In July, a judge said the case may go to trial, and a scheduling conference for the trial is set for Oct. 3, he said.
Hindin, who is best known for developing what became the Waldorf Astoria Park City, is accused of several felonies. The list of charges filed in 3rd District Court includes two counts of theft by deception, communications fraud, two counts of forgery and "unlawful dealing with property by fiduciary."
The acts are believed to have occurred in 2007 and reported in 2009. Charges were filed in 2010.
Simply put, Bates said, it is believed Hindin used the power of attorney he possessed for clients to transfer their deeds for property near Canyons to himself, and then used those deeds as collateral to secure new loans.

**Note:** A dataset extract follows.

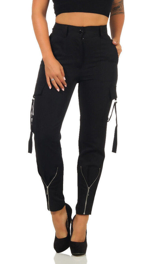 Damen Hose High-Waist Stoffhose Cargohose Röhrenhose Elegant Zipper XS-L
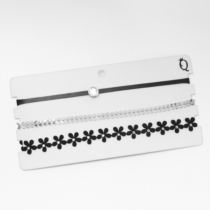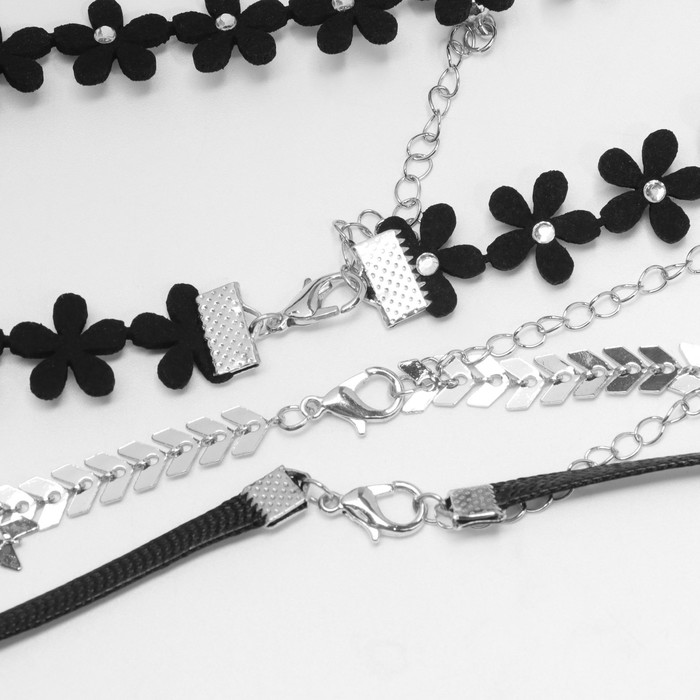 Чокер «Трио» цветок и стрелы (набор 3 шт.), цвет чёрно-серебряный, 38 см — Характеристики

If true, the transferring of deeds to himself was illegal, and the use of them as collateral was illegal, Bates explained.
"I hope there will eventually come a point in this case where Hindin will be held accountable for the fraud we believe he perpetrated and will pay restitution and perhaps serve jail time," Bates said. "I don't want to find at that time he's living in the Bahamas and I have to extradite him from a foreign country. I just don't know where he's at."
Laser and a friend of Hindin's were contacted for comment, but neither returned messages.
Holding people accountable for misdeeds committed during the building boom of 2007-2008 has proven tricky since impropriety was widespread. Brickey said that any time victims come forward and evidence is found, he will take action.
"We want to avoid this kind of thing happening in the future Someone has been hurt," he said. "If Hindin turns out being the poster child for bad behavior, sorry; I didn't suggest years ago for him to behave the way he did. He chose that, not the victim or me."